Working 10 hours a day 6-7 days a week. The restoration is going slow on the logan. Question my first project is going to be a QCTP. What size carbide tool holders should I run?


----------



## Old Iron (Jan 24, 2012)

richz said:


> Working 10 hours a day 6-7 days a week. The restoration is going slow on the logan. Question my first project is going to be a QCTP. What size carbide tool holders should I run?



The size of your carbide tool holders depends on the size of your QCTP. The bigger the tool post the bigger the holder.

Paul


----------



## richz (Jan 24, 2012)

Yes I know. I do not have any toolholders yet and was woundering what size ( 1/2 5/8 3/4 1 ) to use on a lathe of this size.


----------



## Old Iron (Jan 24, 2012)

I use 5/8 in my CXA and 1/2 in my BXA if-n thats what you need to know.

Paul


----------



## Old Iron (Jan 24, 2012)

Check these out I have them and got the inserts of ebay.
http://www.tools4cheap.net/products.php?cat=26

Paul


----------



## donthack (Jan 24, 2012)

I guess we could better help if we know what size your logan is.  Mine is a 9" and the 1/2" shank tooling is about as much as it can handle.  I got there by modifying a tool post from a different lathe.  I got no tooling with mine so I've slowly been making what I need.


----------



## richz (Jan 24, 2012)

Sorry 14" swing.


----------



## richz (Jan 24, 2012)

Old iron I am new to machining and never had any formal training.

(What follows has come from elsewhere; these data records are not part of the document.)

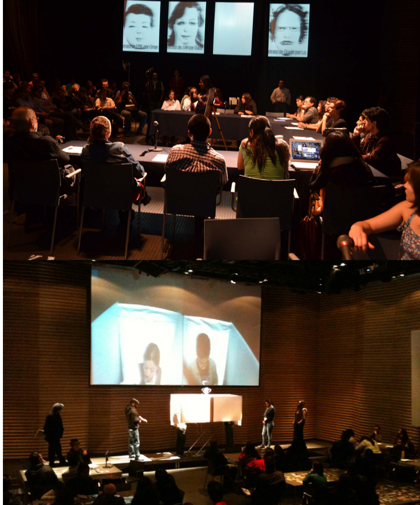
Atlas electores 2012, 2012.

escuché con la voz enojada, me dijo: “Es que te dije que era pobre y era huérfana”, entonces yo solo me quedé callada porque había cosas que no lográbamos entender porque es otra persona, está en otro lugar y creo que ahí había algo muy importante, había una manera de representar las distancias que me parece que Deus... lograba intuir: representar el espacio entre dos personas.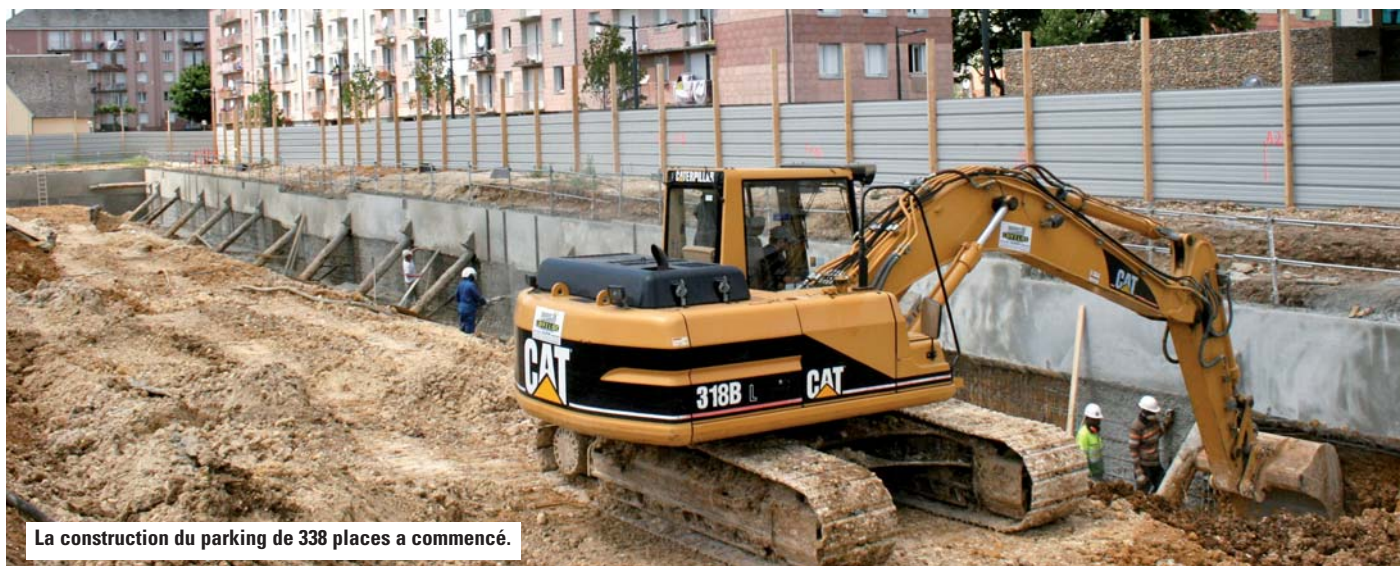
La construction du parking de 338 places a commencé.

Dans le souci d'améliorer ce dispositif, les membres de la Maison des Entreprises et de l'Emploi de l'Agglomération (coordinatrice du dispositif) ont décidé d'étendre la mise en œuvre de cette convention à tous les marchés publics du secteur du bâtiment de l'agglomération.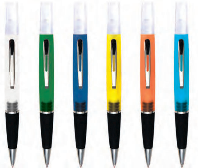
01 bianco 04 verde 05 blu navy 06 giallo 07 arancio 10 blu royal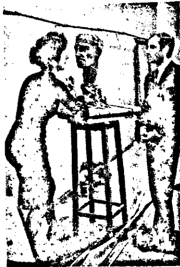
ՀԱՅՐԵՆԻ ԵՐԻՏԱՍԱՐԻ ՔԱՆԴԱԿԱՆՈՐԾՈՒՄԻ ԱՐՈՒ ՄԻԼԻՔԵԱՆԻ ԱՇԽԱՏԱՆՈՑԻՆ ՄԻՋ.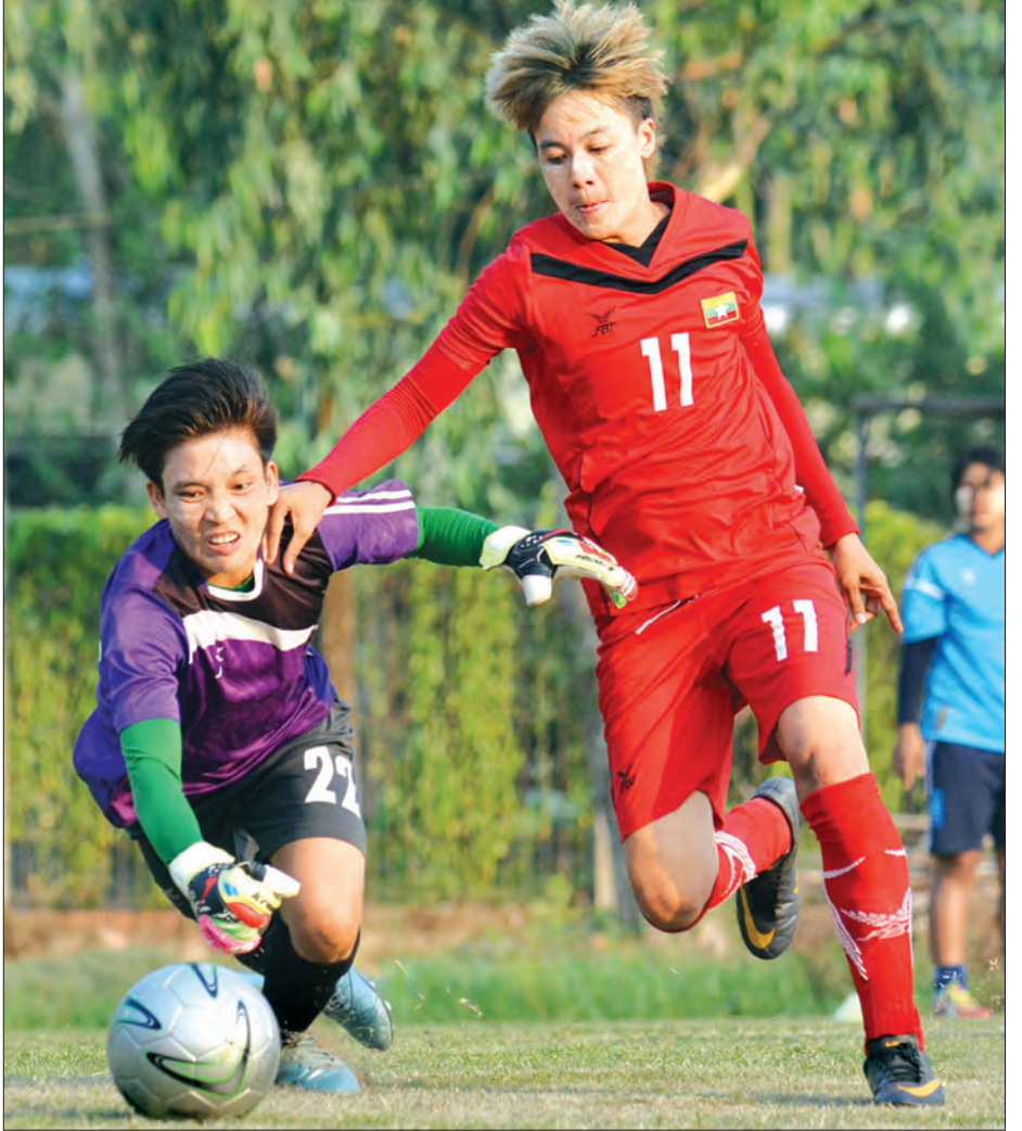
မြန်မာအမျိုးသမီးအသင်းလေ့ကျင့်မှုများပြုလုပ်နေစဉ်

ရန်ကုန် ဧပြီ ၂၂ မြန်မာနိုင်ငံက အိမ်ရှင်အဖြစ်လက်ခံကျင်းပမည့် ၂၀၁၆ အာဆီယံအမျိုးသမီး ဘောလုံးပြိုင်ပွဲယှဉ်ပြိုင်ရန် မြန်မာအမျိုးသမီးဘောလုံးအသင်းသည် ပဏာမ ကစားသမား ၂၆ ဦးဖြင့် လေ့ကျင့်ပြင်ဆင်မှုများပြုလုပ်လျက်ရှိသည်။ ပြိုင်ပွဲစတင်ရန် သုံးလကျော်သာလိုသောကြောင့် မြန်မာအမျိုးသမီး ဘောလုံးအသင်းမှာ လေ့ကျင့်ပြင်ဆင်မှုများ ပြင်းပြင်းထန်ထန်ပြုလုပ်လျက် ရှိပြီး နိုင်ငံတကာခြေစမ်းပွဲများ စတင်ကစားတော့မည်ဖြစ်သည်။ မြန်မာ အမျိုးသမီးဘောလုံးအသင်းသည် မေလမှစတင်ကာ ခြေစမ်းပွဲများ ယှဉ်ပြိုင်မည်ဖြစ်ပြီး ဂျပန်ခြေစမ်းခရီးစဉ်သွားရောက်ရန်အတွက် အပြီးသတ် ပြင်ဆင်မှုများ ပြုလုပ်လျက်ရှိသည်။ မြန်မာအမျိုးသမီးဘောလုံးအသင်းသည် သင်္ကြန်ကာလအတွင်း လေ့ကျင့်မှုများရပ်နားခဲ့သော်လည်း ဧပြီ ၁၉ ရက်မှ ပြန်လည်လေ့ကျင့်လျက်ရှိပြီး ဂျပန်ခရီးစဉ်အတွက် အပြီးသတ်လူစာရင်း ၂၃ ဦးကို မကြာမီရက်ပိုင်းအတွင်း ထုတ်ပြန်ကြေညာသွားမည်ဖြစ်သည်။ မြန်မာအမျိုးသမီးဘောလုံးအသင်းသည် ပြိုင်ပွဲအကြိုပြင်ဆင်မှုများအဖြစ် မေ ၅ ရက်မှ ၂၅ ရက်အထိ ဂျပန်နိုင်ငံအိုဆာကာမြို့၌ လေ့ကျင့်မှုများ ပြုလုပ်သွားမည်ဖြစ်ပြီး ဂျပန်အမျိုးသမီးကလပ်အသင်းများနှင့် ခြေစမ်းပွဲ လေးပွဲ ယှဉ်ပြိုင်ကစားမည်ဖြစ်သည်။ မြန်မာအမျိုးသမီးအသင်းသည် ဂျပန် ခရီးစဉ်အပြီးတွင် တောင်ကိုရီးယား လက်ရွေးစင်အမျိုးသမီးအသင်းနှင့် ဇွန် ၄ ရက်နှင့် ၆ ရက်တို့တွင် သုဝဏ္ဏကွင်း၌ ခြေစမ်းကစားမည်ဖြစ်ပြီး ပြိုင်ပွဲ မတိုင်မီ ထိုင်းလက်ရွေးစင်အသင်းနှင့် ထပ်မံခြေစမ်းမည်ဖြစ်သည်။ စာမျက်နှာ ၉ ကော်လံ ၃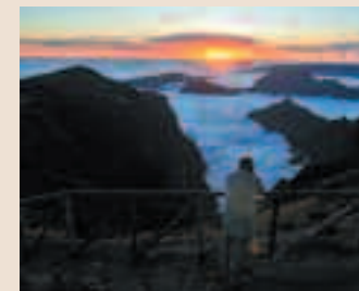
Mar de nubes en el centro de la Isla.

Madeira es una joya incrustada en la soledad del Atlántico. Su estratégica posición hace de sus estaciones climáticas una eterna primavera. Posee muy buenas infraestructuras para el turismo de acción, red de “levadas” (más de 2.000 kilómetros de canales para aprovechar el agua de sus manantiales) con sus correspondientes senderos de mantenimiento que se pueden andar, correr o contemplar. Llegarse hasta Santana y apreciar sus típicos “palheiros” (especie de barraca valenciana), o desde allí ascender al pico Ruivo (el más alto de la isla) submarinismo, etc.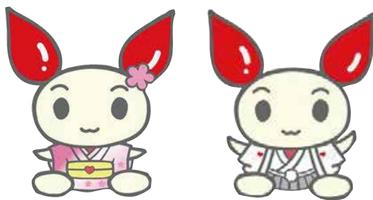
献血推進キャラクター「けんけつちゃん」

冬場から春先にかけては、年間で最も輸血用血液が不足しがちです。また、少子高齢化によって、今健康で若い皆さんの一層の献血への協力が求められています。 新成人の皆さん、「はたちの記念」に献血に行きましょう。皆さんのご協力をお待ちしています。 ▼期 間 1月1日(火)～2月28日(木) ▼場 所 栃木県赤十字血液センター、うつのみや大通り献血ルーム、各市町の献血会場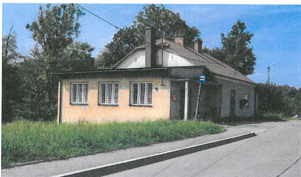
Świetlica wiejska po remoncie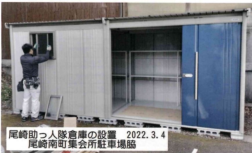
尾崎助っ人隊倉庫の設置 2022. 3. 4 尾崎南町集会所駐車場脇

何しろ初めて取り組む事業です。不慣れで様々な行き違いや失敗が生まれ、スムーズに活動が出来ないかもしれません。皆様のご理解をいただき、円滑に事業が行えるように努めていきます。

Sort of seat of your pants. What is CXA BXA?


----------



## irishwoodsman (Jan 24, 2012)

richz said:


> Old iron I am new to machining and never had any formal training. Sort of seat of your pants. What is CXA BXA?


 i think that means the size of your tool post and the size of tooling you can use, i use the axa and i have a 11 inch lathe the bxa is used on 12 i think and the cxa is used on bigger lathe, i think:biggrin:mac


----------



## Old Iron (Jan 24, 2012)

The BXA on my 13" south bend was a little short so I went to the CXA. I have room now at the top and the bottom of the QCTP.

I have a BXA on my 10" Clausing and it is the right size for that. The tool holders I got from Jeff at Tools4Cheap are pretty good but the inserts ain't. He has a list on there that give the cross numbers so you can get better ones.

Paul


----------



## Old Iron (Jan 24, 2012)

richz said:


> Sorry 14" swing.




You better go with the CXA, I got the wedge type from Tool4Cheap It is made in China but he has a better Quality than most other places.

Paul


----------



## Old Iron (Jan 25, 2012)

EdK said:


> Paul,
> 
> That isn't necessarily true. I have a 14" swing lathe and a CXA would be too big. I think it depends more on the distance from the compound where the QCTP sits to the center of the lathe spindle that is really the determining factor when sizing these. Just some food for thought.
> 
> Ed




You mite be right Ed, Never even figured on that.

Paul


----------